Walter: Das sind nach meiner Einschätzung Ausläufer des Sturms, aber die allgemeine Besorgnis, dass es Risiken gibt, die man nicht genau beurteilen kann und die man jetzt auf alles, was sich bewegt, natürlich überträgt. Insofern gibt es ja nicht nur an ein paar Märkten, sondern an relativ vielen Märkten, auch an den im Prinzip starken asiatischen Märkten, beträchtliche Kursrückgänge. Wir haben wieder gerade mal so drei Prozent Kursrückgang beispielsweise in Hongkong gesehen. Und dies ist ein Hinweis darauf, dass die Nervosität an mehreren Märkten groß ist, wo gar nicht sicher ist, dass die ursprünglich auslösende Sache in den USA irgendwelche Wirkungen auf die Bilanzen und/oder die Unternehmen hätte.
Ricke: Was bedeutet denn das jetzt für den deutschen Kleinaktionär, der in den letzten Jahren ja doch recht verwöhnt worden ist?

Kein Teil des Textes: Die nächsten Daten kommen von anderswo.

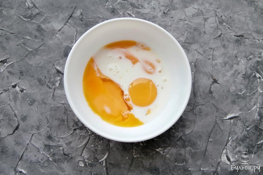 3. Разделить яйца на желтки и белки, к желткам добавить молоко и немножко соли, Тщательно расколотить все до однородности.
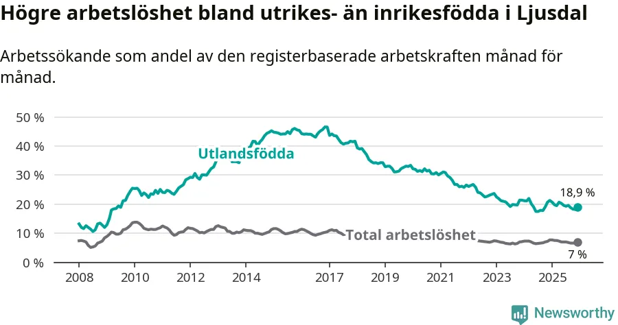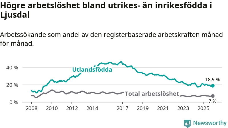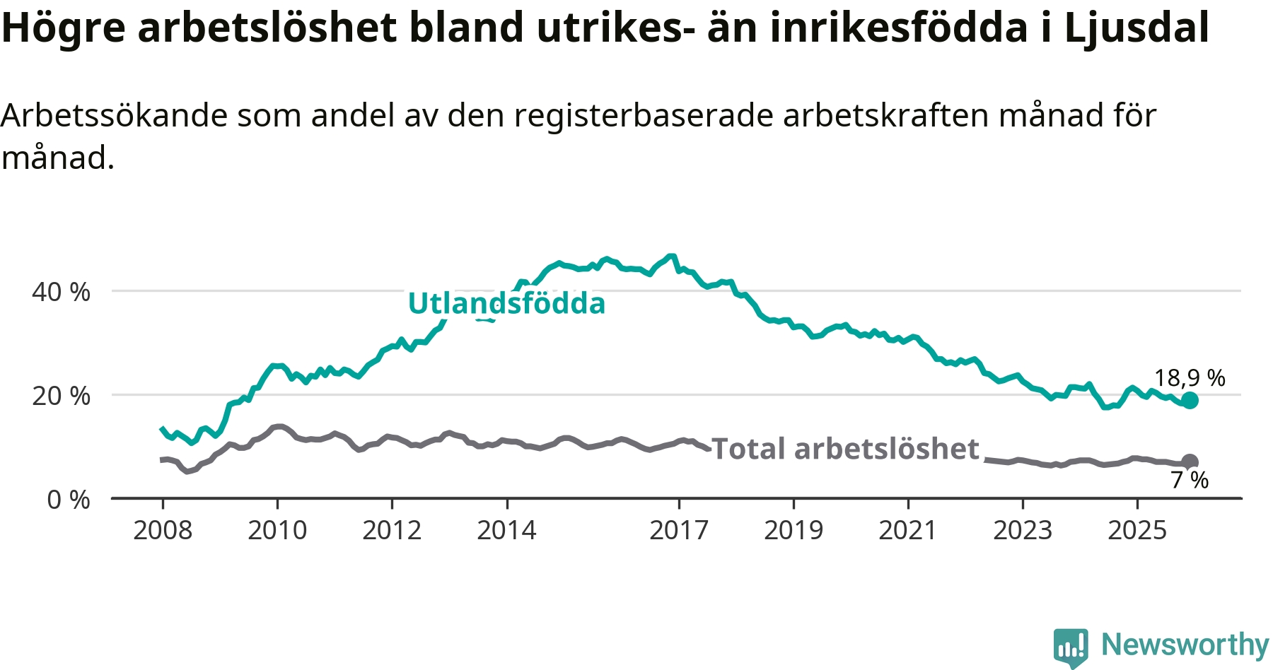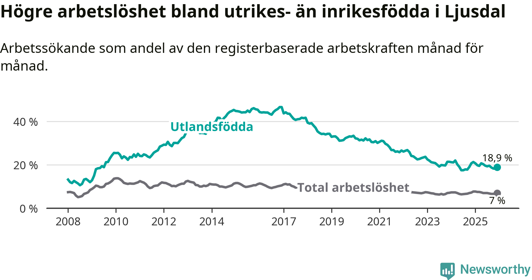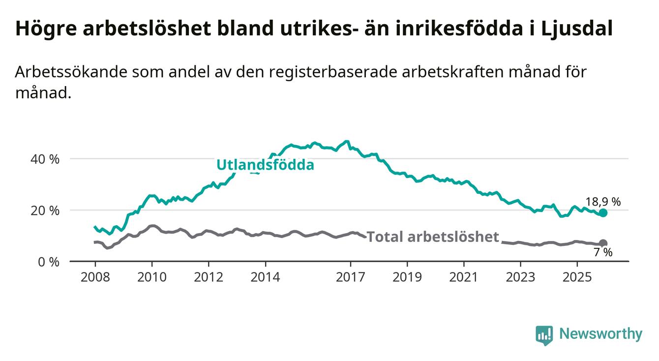 Skillnaden i arbetslöshet mellan utrikesfödda och hela befolkningen är 11,9 procentenheter i Ljusdal. Det är en betydligt mindre skillnad än för ett år sedan (−1,7 procentenheter).

Walter: Ja, der Kleinaktionär ist zwar in den letzten Jahren verwöhnt worden, wenn er investiert hat, aber unglücklicherweise, das wissen Sie ja, sind nach dem New-Economy-Boom, als die Aktienkurse bei uns recht kräftig zusammengebrochen sind, am neuen Markt dramatisch zusammengebrochen sind, ganz viele Kleinaktionäre nicht nur ausgestiegen, sondern nie mehr wieder eingestiegen. Mit anderen Worten, den Kursanstieg des DAX von unter 2500 auf über 8000 haben die meisten Kleinaktionäre in Deutschland durch zuschauen von außen mitgemacht, also nicht profitiert davon. Insofern ist dort natürlich jetzt auch keine Kalamität bei den kleineren Kurskorrekturen, die wir jetzt hinter uns haben, eingetreten. Auf der anderen Seite vermute ich, dass die kleinere Kalamität jetzt erneut die Besorgnis vieler Kleinanleger, dass sich Aktien für sie nicht lohnen und sie solches nicht erwägen sollen, eher verstärkt hat. Insofern bin ich in Sorge, dass die deutsche Aktienkultur, die sich ja nur einmal kurzzeitig um die Jahrzehntwende entwickelt hat, weiterhin in dem Dornröschenschlaf bleibt, in dem sie eigentlich schon immer ist und dass auf diese Weise natürlich die Deutschen bei den rentierlichen Anlagen, die andere Länder, andere Gesellschaften, die etwas mehr Risikobereitschaft haben, immer wieder eingehen, dass die bei uns nicht stattfinden. Ich befürchte also, weder die jetzige Krise schadet den deutschen Kleinaktionären, noch werden sie Gelegenheiten, die sich künftig bieten werden, nutzen.